The average evaluation of each benchmark is shown in Table XII. We can see from the table that runtime is reduced a lot. Moreover, we achieve a relative high accuracy classification rate. The final timing and wirelength improvement are also listed in Table XII. Classification over base shows timing results compared with baseline and classification over QP shows the comparison with the results of QPTST. The timing and wirelength quality are very compatible compared with our QPTST results. By such runtime reduction, we can use our ML classification approach to replace our MIQP solver to decide reconnection of each net.

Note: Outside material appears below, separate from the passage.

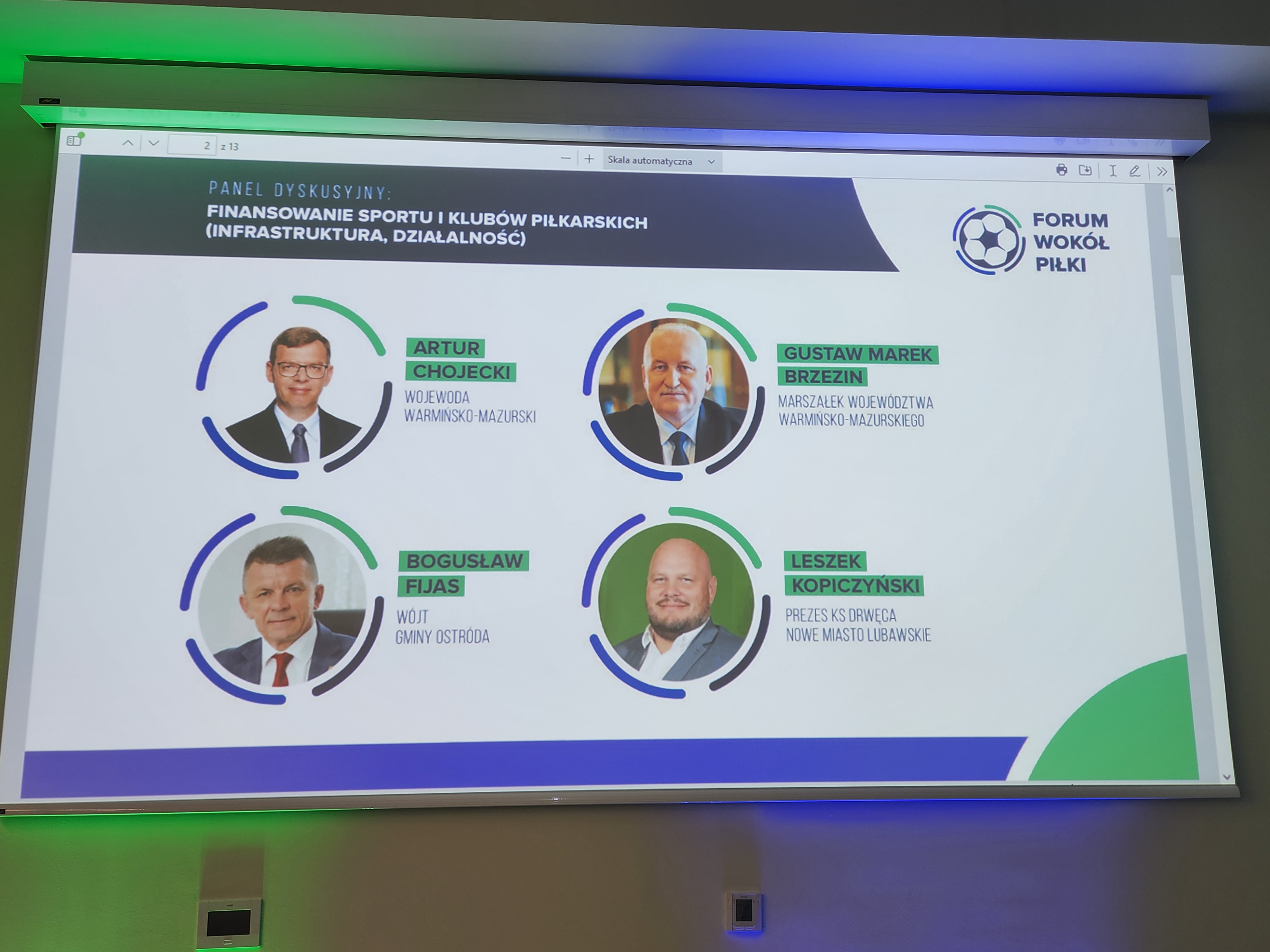 W dniu 29 września 2023 r. w Olsztyńskim Parku Naukowo-Technologicznym, odbyła się pierwsza edycja Konferencji „Forum Wokół Piłki”. Głównym organizatorem wydarzenia był Warmińsko-Mazurski Związek Piłki Nożnej, a Współorganizatorem Samorząd Województwa Warmińsko-Mazurskiego. Patronat honorowy nad wydarzeniem objął Wojewoda Warmińsko-Mazurski Artur Chojecki, Marszałek Województwa Warmińsko-Mazurskiego Gustaw Marek Brzezin oraz Polski Związek Piłki Nożnej. Konferencja podzielona była na trzy specjalne bloki tematyczne: finansowanie sportu i klubów piłkarskich (infrastruktura, działalność), rola sportu i klubów piłkarskich w budowaniu i rozwoju lokalnej społeczności oraz panele dyskusyjne z elementami targów i networkingu. Oprócz prelegentów można było spotkać blisko 200 uczestników z ok. 70 miejscowości z województwa warmińsko-mazurskiego, m.in. przedstawicieli lokalnych samorządów (w tym osoby odpowiedzialne za sport),przedstawicieli klubów, przedstawicieli sponsorów klubów,przedstawicieli firm świadczących usługi dla środowiska sportowego (np. renowacje boisk, sprzęt sportowy). W trakcie prelekcji swoimi cennymi uwagami podzielili się eksperci i prelegenci, którzy mają doświadczenie w zdobywaniu środków finansowych z samorządów lokalnych, środków ministerialnych czy Funduszy Europejskich. Podczas sympozjum wymieniono poglądy na temat wielostronnej i bezpośredniej współpracy samorządów i klubów piłkarskich, związanej z rozwojem i udostępnianiem sportowej infrastruktury, rozwijającej się w ostatnich latach do poziomu wywierającego istotny wpływ na społeczności lokalne oraz inspiracjami i propagowaniem rozwiązań związanych ze skutecznym pozyskiwaniem innych inwestycji, nawiązywaniem kontaktów, zrozumieniem potrzeb oraz budowaniem dobrego klimatu wokół szeroko pojętej „piłki nożnej” na Warmii, Mazurach i Powiślu.

# B. Experiments on MSRSP Problem

# 1) Multiple Sinks Optimization QP Results:

a) Timing results: The results of MSRSP problem solved by Section IV is shown in Table XIII. The multiple selection optimization is the algorithm described in Section IV. The meaning of WNS,  $r\_wns$ , TNS,  $r_tns$ , stWL, and  $r_stwl$  are adopted from Section VI-A1. Overall, our multiple selection optimization improved 10.65% TNS and 2.65% WNS on average. However, it takes 23.67 s. Compared with average

improvement of reconnecting critical sinks, it improved the quality from 10.12% TNS and 2.05% WNS to 10.65% TNS and 2.65% WNS. With more sinks to be considered, the timing quality can be improved. Since more sinks are reconnected, wirelength increased 0.56% and it is 0.01% worsen than QPTST's.

The multiple selection congestion optimization is the approach that consider timing and congestion together by reconnecting multiple sinks. It improved 8.86% TNS and 2.08% WNS on average and it takes 31.84 s. The congestion aware optimization can improve WL but reduce the improvement on TNS and WNS.

- b) Congestion results: The congestion analysis of multiple selection optimization and multiple selection congestion optimization are performed as same as described in Section VI-A1 congestion paragraph. As shown in Table XIV, the overflow of multiple selection optimization and multiple selection congestion optimization increased 1.95% and 1.65%, respectively.
- c) Analysis: Fig. 11 shows the analysis of performance of multiple sink optimization on timing and congestion. The



Fig. 12. Performance comparison on different methods. Improvement ratio on (a) WNS, (b) TNS, and (c) WL. (d) Runtime.

bar above 0 of the chart is timing improvement and the bar below 0 is plotted as increase of overflow. From the chart, we can conclude that overflow can be reduced a lot if the congestion is also considered.

2) Multilabel Classifier Results: The results of multilabel classifier is listed in Table XV. The training process is similar with the process described in Section VI-A2. The column ML Accuracy shows prediction accuracy and runtime comparison among benchmarks. The accuracy differs from benchmarks and the runtime is shorten compared with runtime of MQP. Our multilabel classifier takes more time compared with the previous binary classifier. The columns of ML over Base is the results compared with baseline. The columns of ML over MQP is the results compared with the multiple selection optimization in Table XIII. The quality is comparable with MQP's but runtime is much faster.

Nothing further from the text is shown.